[[ Data provided open ]]

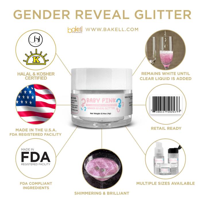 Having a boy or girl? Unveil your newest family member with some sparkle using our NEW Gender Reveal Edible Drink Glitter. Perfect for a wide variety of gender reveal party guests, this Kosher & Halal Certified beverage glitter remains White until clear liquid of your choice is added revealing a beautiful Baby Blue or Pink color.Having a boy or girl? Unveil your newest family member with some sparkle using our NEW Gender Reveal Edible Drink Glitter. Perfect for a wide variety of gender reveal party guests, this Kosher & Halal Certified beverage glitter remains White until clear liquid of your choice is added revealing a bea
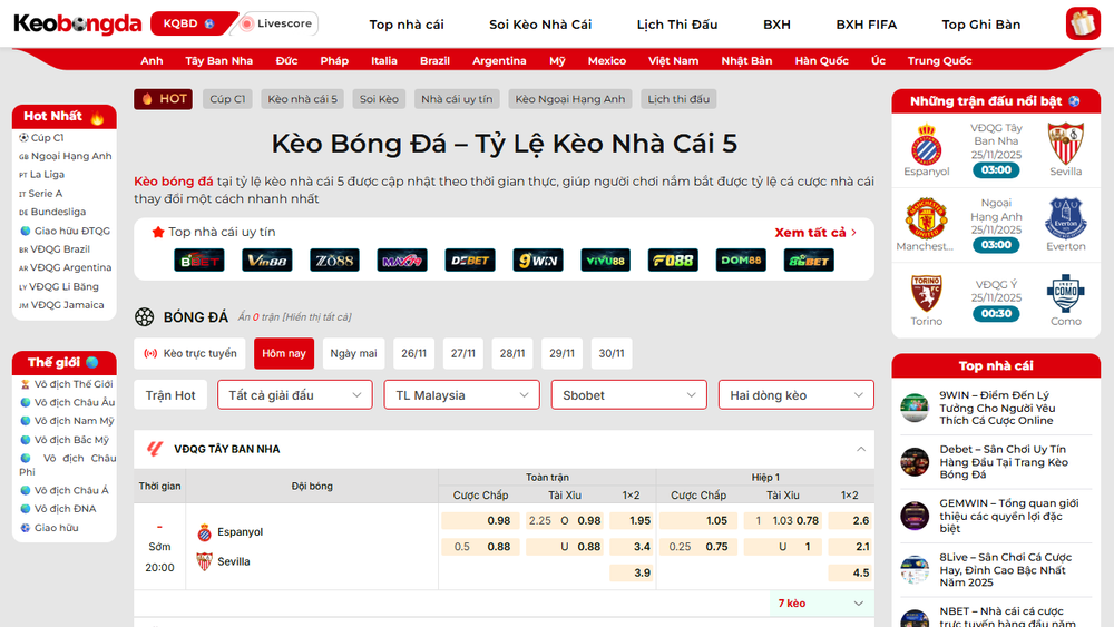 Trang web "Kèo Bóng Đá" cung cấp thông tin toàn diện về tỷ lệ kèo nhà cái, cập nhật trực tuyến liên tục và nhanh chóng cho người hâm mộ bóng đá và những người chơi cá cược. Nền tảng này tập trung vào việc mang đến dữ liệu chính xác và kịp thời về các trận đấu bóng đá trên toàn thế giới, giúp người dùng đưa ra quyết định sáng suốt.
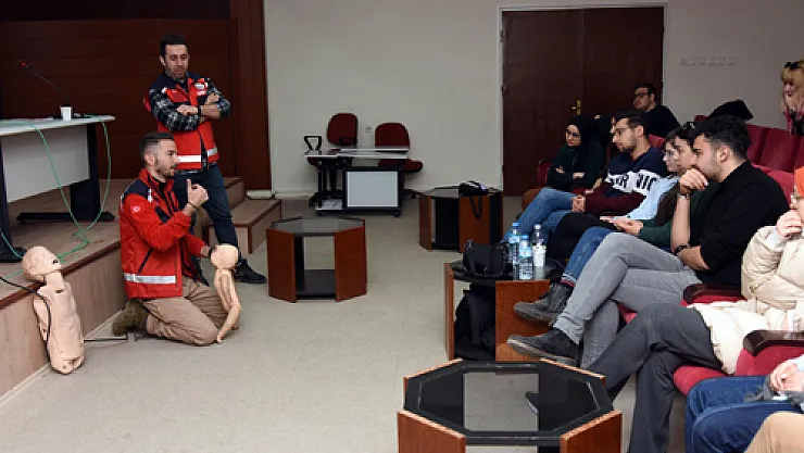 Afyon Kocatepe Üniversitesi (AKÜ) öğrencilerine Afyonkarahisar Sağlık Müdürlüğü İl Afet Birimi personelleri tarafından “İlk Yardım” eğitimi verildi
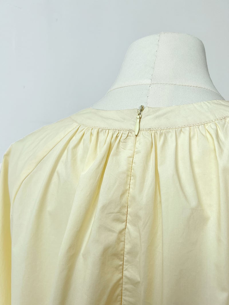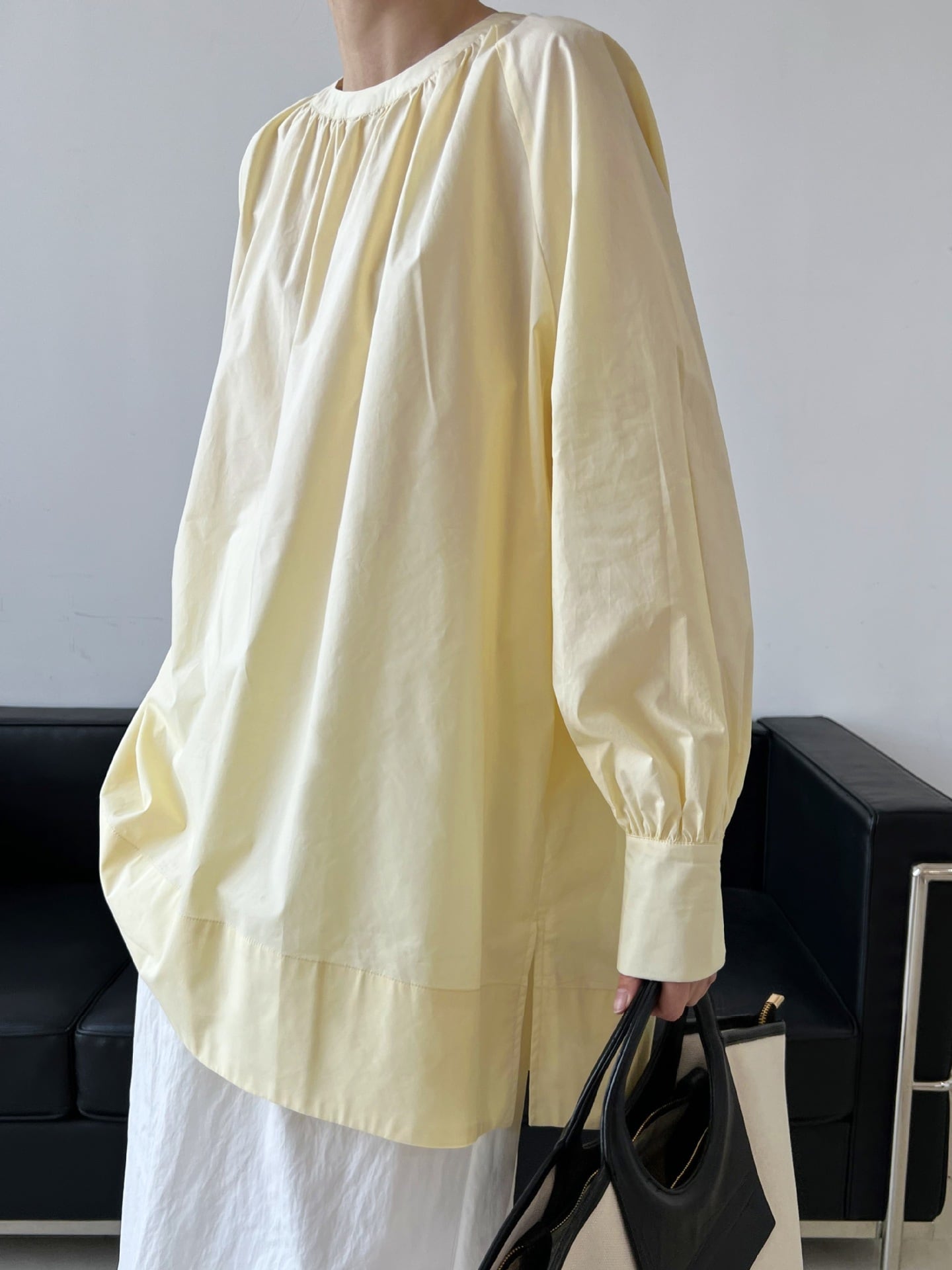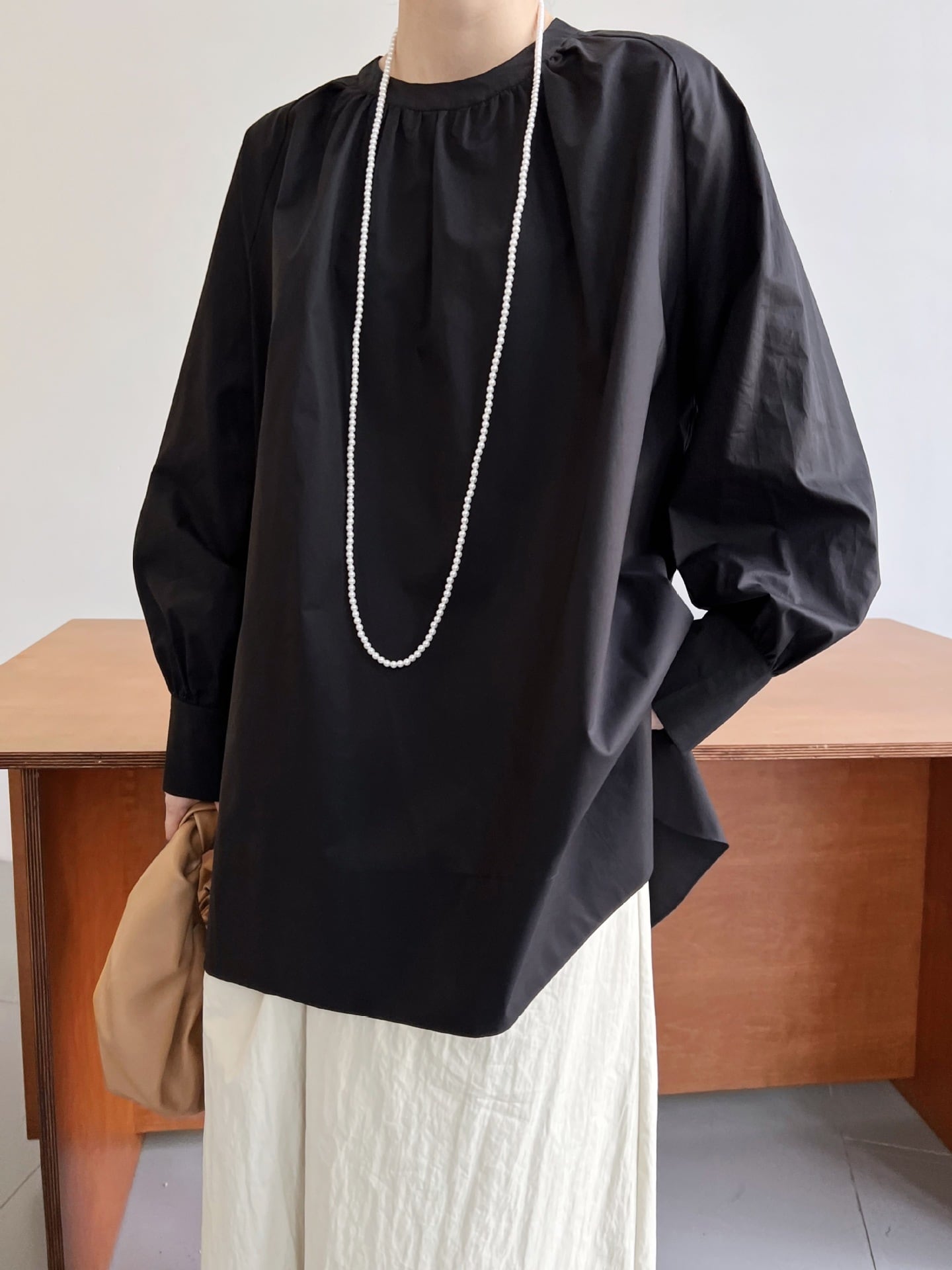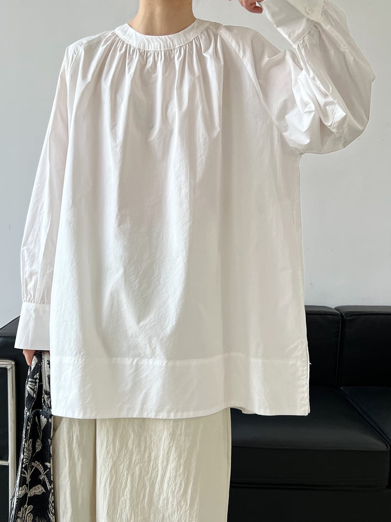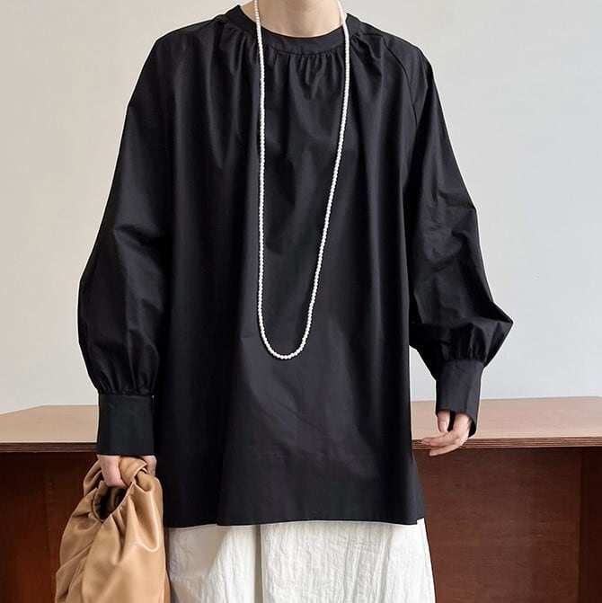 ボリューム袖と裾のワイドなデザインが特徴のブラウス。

[[ Data provided closed ]]

▸ **To do**: Copy only the lines running from the one that holds "định sáng suốt." through the last line of the data, and include both of those lines. Do not copy any pictures.

▸ **Response to this task**:
 Trang web "Kèo Bóng Đá" cung cấp thông tin toàn diện về tỷ lệ kèo nhà cái, cập nhật trực tuyến liên tục và nhanh chóng cho người hâm mộ bóng đá và những người chơi cá cược. Nền tảng này tập trung vào việc mang đến dữ liệu chính xác và kịp thời về các trận đấu bóng đá trên toàn thế giới, giúp người dùng đưa ra quyết định sáng suốt.
 Afyon Kocatepe Üniversitesi (AKÜ) öğrencilerine Afyonkarahisar Sağlık Müdürlüğü İl Afet Birimi personelleri tarafından “İlk Yardım” eğitimi verildi
 ボリューム袖と裾のワイドなデザインが特徴のブラウス。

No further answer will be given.